1. Create several **imputed** versions of the data through a probabilistic procedure.
    - The imputed datasets are identical for the observed data entries.
    - They differ in the imputed values. 
    - The differences reflect our **uncertainty** about what value to impute.

2. Then, estimate the parameters of interest for **each** imputed dataset.
    - For instance, the mean, standard deviation, median, etc.
3. Finally, pool the m parameter estimates into one estimate.

Let's try this procedure out on the `heights_mcar` dataset.

In [None]:
heights_mcar.head()

In [None]:
# This function implements the 3-step process we studied earlier
def create_imputed(col):
    num_null = col.isna().sum()
    fill_values = col.dropna().sample(num_null, replace=True)
    fill_values.index = col.loc[col.isna()].index
    return col.fillna(fill_values.to_dict())

Each time we run the following cell, it generates a new imputed version of the `'child'` column.

In [None]:
create_imputed(heights_mcar['child']).head()
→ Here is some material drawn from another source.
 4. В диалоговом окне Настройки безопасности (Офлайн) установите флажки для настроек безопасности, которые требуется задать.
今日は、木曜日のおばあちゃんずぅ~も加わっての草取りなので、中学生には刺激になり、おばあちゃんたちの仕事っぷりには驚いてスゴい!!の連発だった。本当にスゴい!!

Let's run the above procedure 100 times.

In [None]:
mult_imp = pd.concat([create_imputed(heights_mcar['child']).rename(k) for k in range(100)], axis=1)
mult_imp.head()

Let's plot some of the imputed columns above.

In [None]:
# Random sample of 15 imputed columns
mult_imp.sample(15, axis=1).plot(kind='kde', alpha=0.5, legend=False);

Let's look at the distribution of means across the imputed columns.

In [None]:
mult_imp.mean().plot(kind='hist', bins=20, ec='w', density=True);

## Summary

### Summary of imputation techniques

* Listwise deletion.
* Mean imputation.
* Group-wise (conditional) mean imputation.
* Probabilistic imputation.
* Multiple imputation.

### Summary: listwise deletion

* Procedure: `.dropna()`.
* If data are MCAR, listwise deletion doesn't change statistics of the data.

### Summary: mean imputation 

* Procedure: `.fillna(df[col].mean())`.
* If data are MCAR, the resulting mean is an unbiased estimate of the true mean, but the variance is too low.
* Analogue for categorical data: imputation with the mode.
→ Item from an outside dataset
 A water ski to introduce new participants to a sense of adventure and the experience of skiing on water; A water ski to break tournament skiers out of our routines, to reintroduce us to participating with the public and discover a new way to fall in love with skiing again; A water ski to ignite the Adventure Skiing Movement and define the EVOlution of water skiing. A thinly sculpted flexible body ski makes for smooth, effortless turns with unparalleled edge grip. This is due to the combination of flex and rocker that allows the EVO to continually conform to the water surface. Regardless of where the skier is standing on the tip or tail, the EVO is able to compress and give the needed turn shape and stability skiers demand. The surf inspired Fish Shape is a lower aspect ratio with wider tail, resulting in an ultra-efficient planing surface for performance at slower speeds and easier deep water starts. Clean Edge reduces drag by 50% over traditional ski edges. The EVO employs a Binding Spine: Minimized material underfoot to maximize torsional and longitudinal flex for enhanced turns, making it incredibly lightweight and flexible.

### Summary: conditional mean imputation

* Procedure: for a column `c1`, conditional on a second column `c2`:
```
means = df.groupby('c2').mean().to_dict()
imputed = df['c1'].apply(lambda x: means[x] if pd.isna(x) else x)
```
* If data MAR, the resulting mean is an unbiased estimate of the true mean, but the variance is too low.
* This increases correlations between the columns.
* If the column with missing values were dependent on *more than one* column, we can use linear regression to predict the missing value.
    - Will see this again in a few weeks.
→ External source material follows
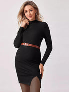 الأطفال - فستان ضيق للحوامل بفتحة رقبة وهمية بدون حزام

### Summary: probabilistic imputation

* Procedure: draw from the distribution of **observed data** to fill in missing values.
* If data are MCAR, the resulting mean and variance are unbiased estimates of the true mean and variance.
* Extending to the MAR case: draw from **conditional empirical distributions**.
    - If data are conditional on a single categorical column `c2`, apply the MCAR procedure to the groups of `df.groupby(c2)`.

### Summary: multiple imputation

* Procedure:
    - Apply probabilistic imputation multiple times, resulting in $N$ imputed datasets.
    - Compute statistics separately on the $N$ imputed datasets (e.g. compute mean or correlation coefficient).
    - Plot the distribution of these statistics and create confidence intervals.
* If a column is missing conditional on multiple columns, your "multiple imputations" should include probabilistic imputations for each!